* _DATA EXTRACT_:
# # #

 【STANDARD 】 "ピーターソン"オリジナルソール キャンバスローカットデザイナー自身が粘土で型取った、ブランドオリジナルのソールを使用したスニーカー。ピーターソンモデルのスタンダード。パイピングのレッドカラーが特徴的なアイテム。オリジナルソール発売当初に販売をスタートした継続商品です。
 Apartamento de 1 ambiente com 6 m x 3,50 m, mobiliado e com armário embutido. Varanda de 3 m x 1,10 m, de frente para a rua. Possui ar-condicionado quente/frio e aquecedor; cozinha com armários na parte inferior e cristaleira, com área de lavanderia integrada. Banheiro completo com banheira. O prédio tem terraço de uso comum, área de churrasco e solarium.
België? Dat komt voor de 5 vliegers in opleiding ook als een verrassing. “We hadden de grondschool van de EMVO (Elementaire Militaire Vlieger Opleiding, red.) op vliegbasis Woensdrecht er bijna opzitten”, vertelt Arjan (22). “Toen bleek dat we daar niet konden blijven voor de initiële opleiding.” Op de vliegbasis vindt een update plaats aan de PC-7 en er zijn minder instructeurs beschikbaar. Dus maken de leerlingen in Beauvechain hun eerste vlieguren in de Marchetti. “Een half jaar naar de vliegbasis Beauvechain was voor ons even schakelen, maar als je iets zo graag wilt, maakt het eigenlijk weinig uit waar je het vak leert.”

# # #

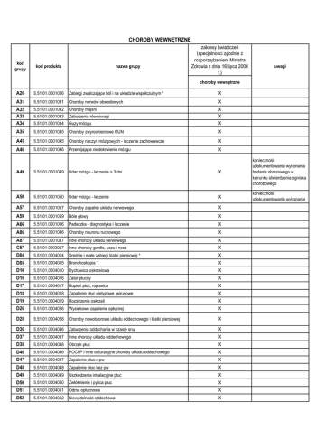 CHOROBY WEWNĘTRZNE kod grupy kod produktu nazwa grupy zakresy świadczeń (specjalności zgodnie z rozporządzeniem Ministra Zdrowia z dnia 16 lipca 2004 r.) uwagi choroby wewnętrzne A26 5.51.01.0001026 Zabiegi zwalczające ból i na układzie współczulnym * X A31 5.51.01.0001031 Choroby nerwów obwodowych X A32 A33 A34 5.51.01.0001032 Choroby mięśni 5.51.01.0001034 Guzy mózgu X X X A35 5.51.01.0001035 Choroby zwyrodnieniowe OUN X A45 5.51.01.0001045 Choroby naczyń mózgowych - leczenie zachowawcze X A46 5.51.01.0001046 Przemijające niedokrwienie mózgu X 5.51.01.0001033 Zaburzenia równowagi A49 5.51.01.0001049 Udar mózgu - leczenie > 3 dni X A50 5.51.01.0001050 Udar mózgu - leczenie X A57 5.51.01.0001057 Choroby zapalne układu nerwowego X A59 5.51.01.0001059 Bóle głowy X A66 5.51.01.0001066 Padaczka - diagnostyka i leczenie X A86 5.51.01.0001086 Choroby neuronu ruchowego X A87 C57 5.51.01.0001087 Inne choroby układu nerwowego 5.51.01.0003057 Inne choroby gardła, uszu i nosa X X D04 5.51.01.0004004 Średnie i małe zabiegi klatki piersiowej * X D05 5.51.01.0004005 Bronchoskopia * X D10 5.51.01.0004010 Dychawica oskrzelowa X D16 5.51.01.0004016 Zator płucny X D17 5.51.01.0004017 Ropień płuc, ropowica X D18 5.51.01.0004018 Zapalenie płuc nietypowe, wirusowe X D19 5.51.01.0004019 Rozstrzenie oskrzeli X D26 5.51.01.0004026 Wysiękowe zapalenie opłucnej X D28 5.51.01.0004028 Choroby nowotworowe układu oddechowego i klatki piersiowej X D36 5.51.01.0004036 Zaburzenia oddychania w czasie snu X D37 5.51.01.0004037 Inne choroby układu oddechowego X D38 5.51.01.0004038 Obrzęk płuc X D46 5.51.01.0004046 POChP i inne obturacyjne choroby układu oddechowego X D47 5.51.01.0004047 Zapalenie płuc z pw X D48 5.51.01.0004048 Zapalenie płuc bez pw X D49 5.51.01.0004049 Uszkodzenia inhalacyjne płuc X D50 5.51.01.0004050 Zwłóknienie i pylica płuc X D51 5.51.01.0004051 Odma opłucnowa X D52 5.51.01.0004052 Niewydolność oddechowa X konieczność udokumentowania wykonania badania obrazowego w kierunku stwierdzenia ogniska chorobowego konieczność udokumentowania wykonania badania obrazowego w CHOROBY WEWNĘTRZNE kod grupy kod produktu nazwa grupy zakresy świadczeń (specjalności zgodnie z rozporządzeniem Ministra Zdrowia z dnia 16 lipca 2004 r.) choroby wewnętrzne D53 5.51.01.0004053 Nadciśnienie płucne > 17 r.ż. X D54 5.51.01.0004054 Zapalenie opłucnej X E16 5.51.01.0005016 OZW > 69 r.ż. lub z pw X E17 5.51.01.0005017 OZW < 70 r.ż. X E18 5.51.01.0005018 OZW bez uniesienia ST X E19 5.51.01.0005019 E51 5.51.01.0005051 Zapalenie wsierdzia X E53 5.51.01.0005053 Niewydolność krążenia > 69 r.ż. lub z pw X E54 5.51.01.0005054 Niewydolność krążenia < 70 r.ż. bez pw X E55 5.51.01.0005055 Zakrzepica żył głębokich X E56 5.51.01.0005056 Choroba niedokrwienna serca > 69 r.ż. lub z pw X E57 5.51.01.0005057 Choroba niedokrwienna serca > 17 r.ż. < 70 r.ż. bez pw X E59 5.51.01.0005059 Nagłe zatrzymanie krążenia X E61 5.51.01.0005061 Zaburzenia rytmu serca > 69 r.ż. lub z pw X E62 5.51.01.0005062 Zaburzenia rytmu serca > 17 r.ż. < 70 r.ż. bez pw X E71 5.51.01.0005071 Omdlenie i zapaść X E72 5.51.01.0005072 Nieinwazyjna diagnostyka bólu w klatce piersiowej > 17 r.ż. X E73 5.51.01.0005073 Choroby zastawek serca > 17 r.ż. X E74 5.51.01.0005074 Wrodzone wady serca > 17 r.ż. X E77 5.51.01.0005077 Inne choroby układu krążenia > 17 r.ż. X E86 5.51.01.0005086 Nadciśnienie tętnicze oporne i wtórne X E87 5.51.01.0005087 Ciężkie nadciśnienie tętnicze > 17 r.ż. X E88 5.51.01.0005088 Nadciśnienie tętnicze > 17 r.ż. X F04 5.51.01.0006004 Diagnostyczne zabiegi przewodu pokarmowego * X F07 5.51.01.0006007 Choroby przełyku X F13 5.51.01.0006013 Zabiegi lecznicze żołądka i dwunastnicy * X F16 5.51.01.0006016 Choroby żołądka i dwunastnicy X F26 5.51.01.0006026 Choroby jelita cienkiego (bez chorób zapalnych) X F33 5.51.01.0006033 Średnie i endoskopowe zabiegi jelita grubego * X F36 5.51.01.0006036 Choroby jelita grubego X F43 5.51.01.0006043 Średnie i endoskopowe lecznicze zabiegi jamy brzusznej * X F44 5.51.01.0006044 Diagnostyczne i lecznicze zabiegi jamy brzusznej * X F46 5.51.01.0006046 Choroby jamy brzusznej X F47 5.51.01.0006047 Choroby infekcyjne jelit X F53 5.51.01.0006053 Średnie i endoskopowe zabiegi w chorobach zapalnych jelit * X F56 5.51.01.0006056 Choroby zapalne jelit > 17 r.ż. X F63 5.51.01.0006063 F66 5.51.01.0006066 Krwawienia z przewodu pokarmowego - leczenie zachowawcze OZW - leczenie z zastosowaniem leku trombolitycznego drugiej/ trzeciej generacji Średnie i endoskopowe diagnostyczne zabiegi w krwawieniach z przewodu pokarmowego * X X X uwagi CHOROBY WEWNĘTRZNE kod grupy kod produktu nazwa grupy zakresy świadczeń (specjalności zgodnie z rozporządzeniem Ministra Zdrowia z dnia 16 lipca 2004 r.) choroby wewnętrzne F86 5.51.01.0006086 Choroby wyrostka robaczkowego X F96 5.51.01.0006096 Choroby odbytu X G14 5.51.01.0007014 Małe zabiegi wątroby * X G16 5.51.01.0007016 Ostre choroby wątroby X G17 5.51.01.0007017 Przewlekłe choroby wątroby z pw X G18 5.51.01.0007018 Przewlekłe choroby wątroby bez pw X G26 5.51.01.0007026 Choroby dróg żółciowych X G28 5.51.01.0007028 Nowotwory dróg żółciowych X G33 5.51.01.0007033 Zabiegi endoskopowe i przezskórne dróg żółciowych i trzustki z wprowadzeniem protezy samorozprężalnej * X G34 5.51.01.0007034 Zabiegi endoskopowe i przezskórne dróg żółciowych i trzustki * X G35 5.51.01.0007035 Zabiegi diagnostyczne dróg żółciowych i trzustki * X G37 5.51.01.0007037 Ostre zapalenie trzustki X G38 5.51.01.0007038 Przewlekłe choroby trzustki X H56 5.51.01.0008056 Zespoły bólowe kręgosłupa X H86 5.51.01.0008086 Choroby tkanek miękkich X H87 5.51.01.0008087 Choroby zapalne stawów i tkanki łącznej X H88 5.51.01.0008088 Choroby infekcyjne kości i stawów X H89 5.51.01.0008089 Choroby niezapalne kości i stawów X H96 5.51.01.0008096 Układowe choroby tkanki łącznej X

# # #

* _WHAT IS NEEDED_: The required output is every line above from the one with "Apartamento de 1" down to the one with "België? Dat komt", restated word for word, ends included.

* _OUTPUT FOR THIS EXERCISE_:
 Apartamento de 1 ambiente com 6 m x 3,50 m, mobiliado e com armário embutido. Varanda de 3 m x 1,10 m, de frente para a rua. Possui ar-condicionado quente/frio e aquecedor; cozinha com armários na parte inferior e cristaleira, com área de lavanderia integrada. Banheiro completo com banheira. O prédio tem terraço de uso comum, área de churrasco e solarium.
België? Dat komt voor de 5 vliegers in opleiding ook als een verrassing. “We hadden de grondschool van de EMVO (Elementaire Militaire Vlieger Opleiding, red.) op vliegbasis Woensdrecht er bijna opzitten”, vertelt Arjan (22). “Toen bleek dat we daar niet konden blijven voor de initiële opleiding.” Op de vliegbasis vindt een update plaats aan de PC-7 en er zijn minder instructeurs beschikbaar. Dus maken de leerlingen in Beauvechain hun eerste vlieguren in de Marchetti. “Een half jaar naar de vliegbasis Beauvechain was voor ons even schakelen, maar als je iets zo graag wilt, maakt het eigenlijk weinig uit waar je het vak leert.”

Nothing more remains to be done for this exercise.